The relative importance of predictors may differ between continuous and binary outcomes because:

1. **Different relationships**: A predictor's linear relationship with the continuous outcome may differ from its relationship with the probability of the binary outcome.
2. **Threshold effects**: Binary outcomes are sensitive to whether predictors help distinguish cases near the classification boundary.

## Best Practices

### 1. Choose the Right Method

- Use `rwa_multiregress()` for continuous outcomes
- Use `rwa_logit()` for binary (0/1) outcomes
- Let `rwa()` auto-detect when unsure

### 2. Check Your Data

```{r best-practices}
# Always check outcome distribution for binary variables
table(mtcars_binary$high_mpg)

# Ensure reasonable sample size
cat("Sample size:", nrow(mtcars), "\n")
cat("Predictors:", 4, "\n")
cat("Observations per predictor:", nrow(mtcars) / 4, "\n")
```

A general guideline is to have at least 10-20 observations per predictor.

### 3. Consider Bootstrap for Inference

For statistical significance testing, combine with bootstrap methods (note: currently only available for multiple regression):

```{r bootstrap-multi}
# Bootstrap with multiple regression
result_boot <- rwa(
  df = mtcars,
  outcome = "mpg",
  predictors = c("cyl", "disp", "hp", "wt"),
  bootstrap = TRUE,
  n_bootstrap = 1000
)

result_boot$result
```

## Summary

| Function | Outcome Type | Key Output | Weights Sum To |
|----------|--------------|------------|----------------|
| `rwa_multiregress()` | Continuous | R², Raw & Rescaled Weights | 100% |
| `rwa_logit()` | Binary (0/1) | R², Raw & Rescaled Weights | 100% |
| `rwa()` | Either | Auto-detects + sorting + bootstrap | 100% |

Both methods provide valuable insights into predictor importance while accounting for multicollinearity.
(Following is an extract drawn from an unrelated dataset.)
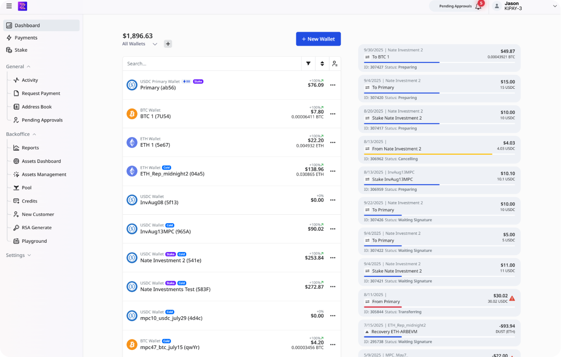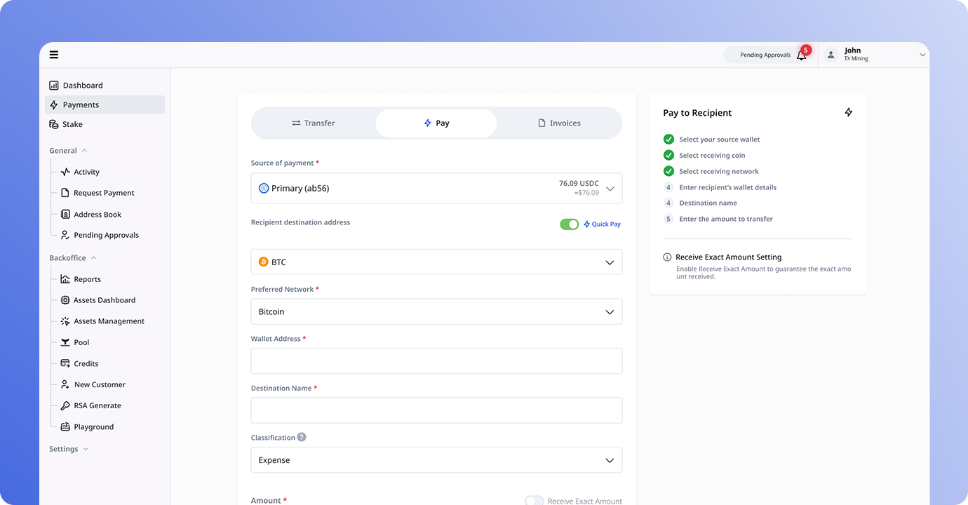 One platform for mining operations, stablecoin banking, MPC wallets, credits cards, and digital asset management that is secured with institutional controls and automated workflows.

Choose the appropriate method based on your outcome variable type, and consider using bootstrap confidence intervals for formal statistical inference.

## References

* Johnson, J. W. (2000). A heuristic method for estimating the relative weight of predictor variables in multiple regression. *Multivariate Behavioral Research*, 35(1), 1-19.
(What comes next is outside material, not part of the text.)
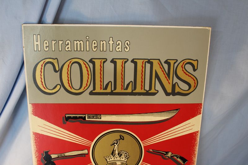 Vintage Collins cardboard South American free standing counter sign advertising bladed tools. Sign is 22"Tx14"W.

* Tonidandel, S., & LeBreton, J. M. (2011). Relative importance analysis: A useful supplement to regression analysis. *Journal of Business and Psychology*, 26(1), 1-9.

* Tonidandel, S., & LeBreton, J. M. (2015). RWA Web: A free, comprehensive, web-based, and user-friendly tool for relative weight analyses. *Journal of Business and Psychology*, 30(2), 207-216.